The titular Luminous Procuress is Arnold’s childhood friend & lifelong partner in art, Pandora, posing as a kind of drag queen sorceress in a California hippie commune.  Two himbos wander into her pleasure palace looking for a good time, and the Procuress obliges by guiding them through a series of gorgeous bootleg-drag tableaus: the bejeweled-beard Cockettes posing in tropical Carmen Miranda drag and staging a Last Supper food fight; pre-Deep Throat hardcore sequences shooting straight & bisexual sex as if they were far-out geek show attractions; Kenneth Anger-inspired occultist rituals worshipping a stoic sci-fi futurelord.  Their cumulative effect seeks psychedelic holy ground between the transcendent sensuality of Pink Narcissus and the thrift store glam of Vegas in Space.  Besides Arnold’s auteurist vision as director, The Cockettes’ self-styled Old Hollywood wardrobe, and the glorious “hair creations by Nikki” (modeled by Pandora, naturally), the most important name among the credits is experimental musician Warner Jepson’s, whose noise music soundscapes are almost entirely comprised of synthy bird chirps & shrill baseball stadium organs.  It was Jepsen who provided the film with its deliberately obscured, unintelligible Charlie Brown dialogue track, adding the texture of spoken language without any of the pesky words or meaning of traditional dialogue getting in the way of the tripped-out glam on display.

If there’s any legitimate reason to discuss Skinamarink & Luminous Procuress as a pair, it’s in their shared connections to the experimental cinema foundations of Luis Buñuel & Salvador Dalí’s Un Chien Andalou.  Kyle Edward Ball appears to make direct homages to that landmark surrealist short, both in Skinamarink‘s nonsensical time-passing title cards and in its ocular gore.  Steven Arnold’s connections to Un Chien Andalou‘s history is much more direct, as Dalí was such a massive fan of Luminous Procuress that he took Arnold in as a protege in his Court of Miracles.  In all honesty, though, any experimental, surrealist work made after 1929 owes some debt to Un Chien Andalou, so these films are likely only paired in my mind because I happened to watch them the same week.  Both are largely silent, experiential pieces with only the barest of plot structures to justify their liminal-space tableaus.  Of their two premises, I happened to connect much more deeply with a drag queen sorceress asking “Hey, y’all wanna see something weird?” than I did with a childhood nightmare simulation where all doors & windows disappear from a suburban home.  What’s incredibly cool about the two films’ modern distribution is that they’re both widely available outside of the fringe event spaces where experimental works of this ilk would’ve been exhibited a half-century ago: art galleries, universities, and Salvador Dalí’s hotel room.

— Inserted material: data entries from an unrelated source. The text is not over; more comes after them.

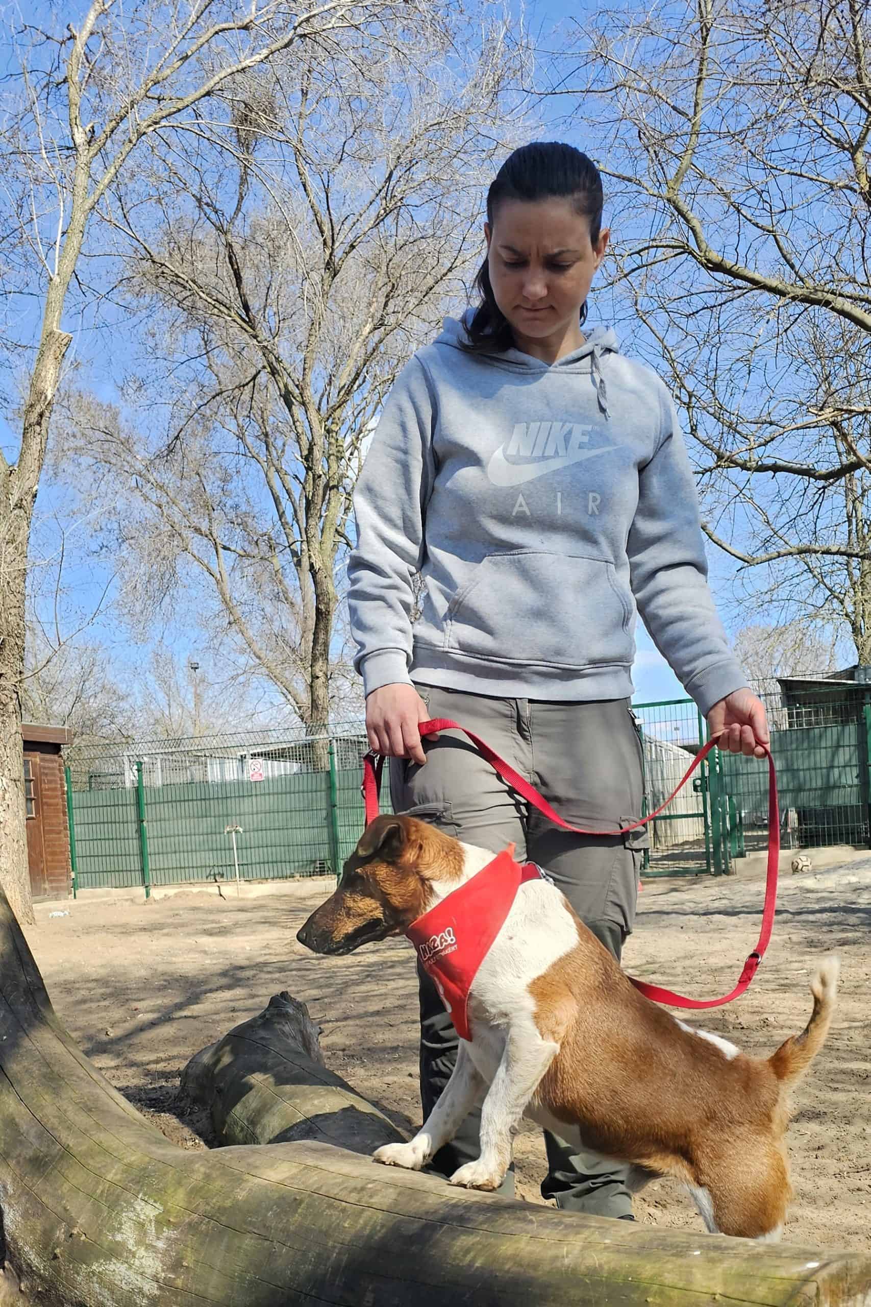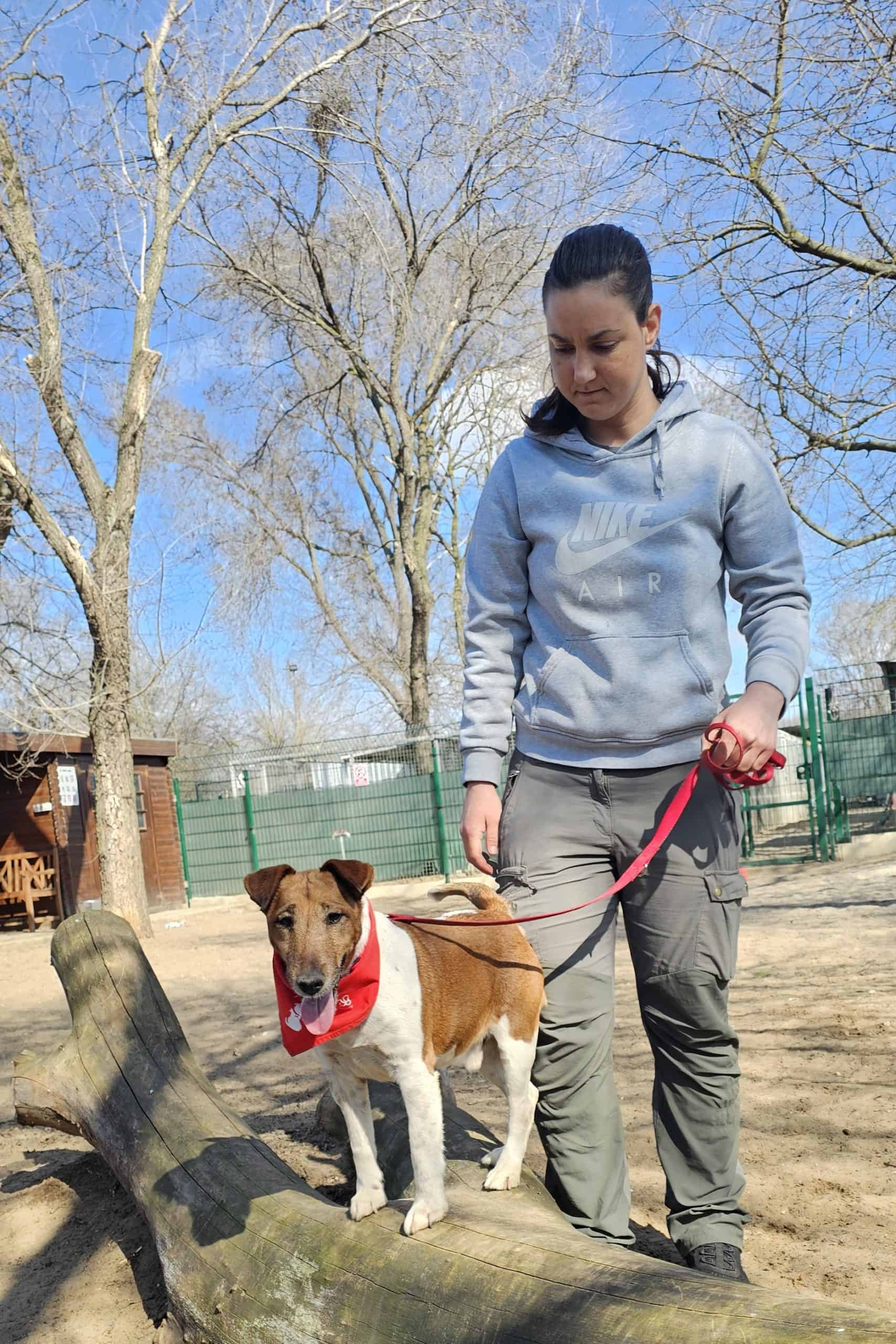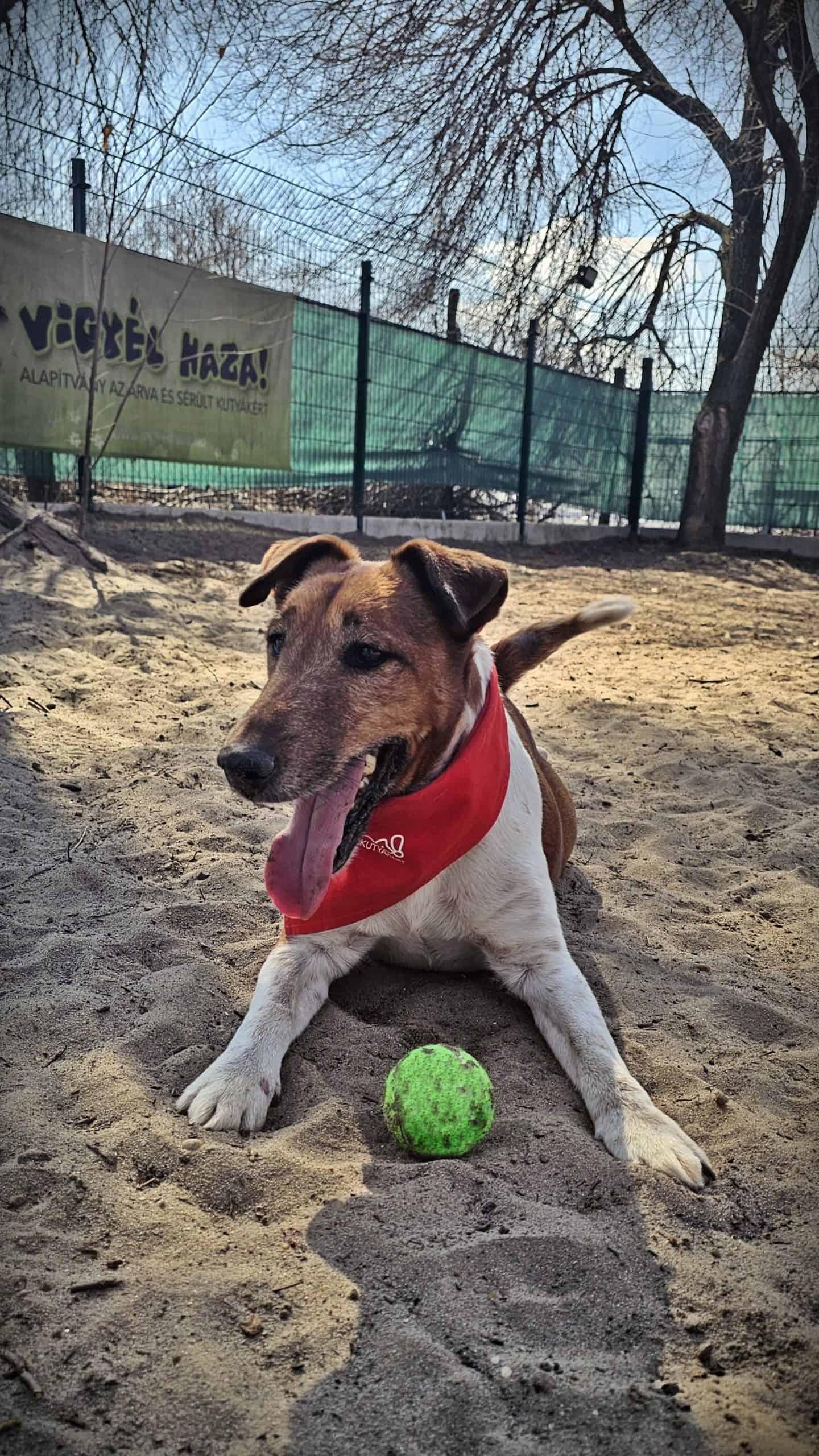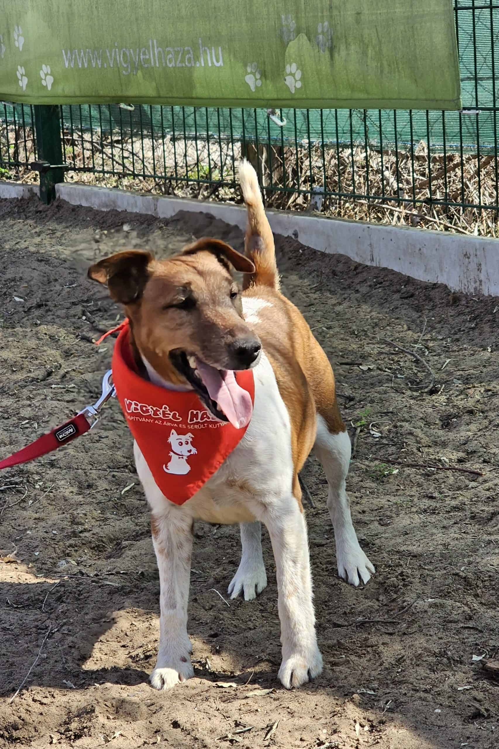 A sima szőrű foxterrier kan kutyus februárban került hozzánk az Illatos útról. A telepre egy hét után új tulajdonosa vitte vissza, mert a macskájára vadászott. (Persze erre számítani lehetett volna egy terriernél és ez nem is az kutya hibája.)
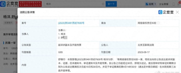 根据北京互联网法院的公告,他们已经送达了杨洋对舒某某等网络侵权责任纠纷的诉状副本和开庭传票。
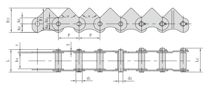 鏈號(hào) 節(jié)距 滾子直徑 內(nèi)節(jié)內(nèi)寬 銷軸直徑 銷軸長(zhǎng)度 齒形角 鏈板厚度 鏈板尺寸 抗拉強(qiáng)度 平均抗拉強(qiáng)度
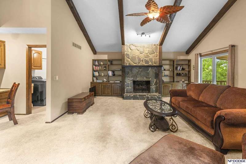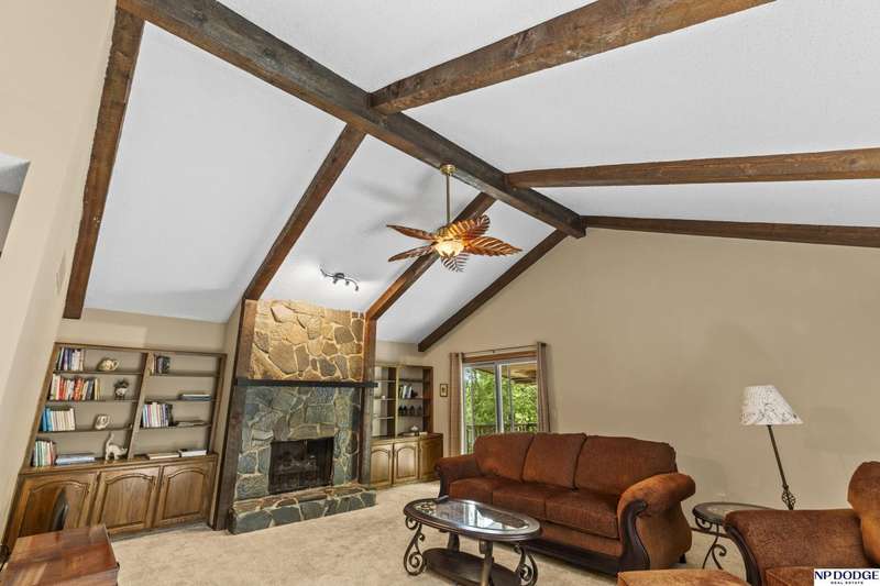 Rare stand-alone townhome tucked deep in peaceful, sought-after Fontenelle Hills! Enjoy private, low-maintenance living with stylish comfort; bamboo floors, vaulted wood-beamed ceilings, and two cozy fireplaces. The light-filled kitchen impresses with granite counters, stainless steel appliances, and soaring ceilings. Two spacious bedroom suites, one on each level offer ideal flexibility. The upstairs retreat features a fireplace, huge walk-in closet, and spa-like bath with double sinks, jetted tub, and walk-in shower. You' ll love the handsome wood-paneled office and the vaulted great room with built-ins and direct access to the second covered deck. No traffic noise here, just birdsong! HOA covers mowing, snow removal, gutter cleaning, plus access to the community pools. Hurry!
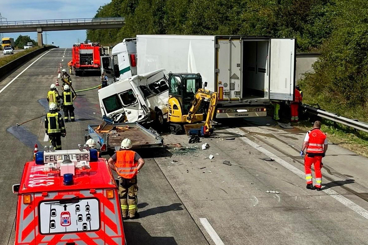 Am Montagmittag (25.08.2025) kollidierten auf der A3 bei Windhagen ein Lkw und ein Transporter mit Anhänger, auf dem ein Bagger verladen war. Die Feuerwehr sicherte den vom Anhänger gerutschten Bagger. Die Autobahn musste zeitweise voll gesperrt werden, es kam zu langen Staus.

Skinamarink may be a far-out, revelatory work in the context of niche internet media being projected in suburban multiplexes, but it’s also part of a long tradition of experimental filmmaking – including, apparently, 16mm footage of drag queens playing dress-up on LSD.

-Brandon Ledet

All the Beauty and the Bloodshed (2022)

In the opening scene of the Nan Goldin documentary All the Beauty and the Bloodshed, the legendary fine-art photographer is leading a flash-mob protest at a modern art museum, demonstrating against their acceptance of donation money from The Sackler Family.  She lays down on the museum floor, pretending to be a corpse alongside dozens of collaborators, and the camera catches glimpse of a “SILENCE = DEATH” tote bag commemorating ACT UP protests of decades past.  Later in the film, similar archival footage from the ACT UP era shows Goldin decrying Reaganite Evangelical indifference to the AIDS epidemic, platforming fellow activist artists like David Wojnarowicz to combat institutional cruelty in an art gallery setting.  Both protests are personal to Goldin, who has recently become addicted to the Sacklers’ profit-over-people product Oxycontin and has historically lost countless loved ones to the Reagan administration’s deliberate mishandling of AIDS.  Both protests earn their screentime thematically, but only one is compelling to look at, having earned a fascinating vintage texture through the technological passage of time.  The modern smartphone footage at an overlit Metropolitan Museum exhibit just can’t compete, since it’s near-indistinguishable from disposable one-glance content on a social media feed.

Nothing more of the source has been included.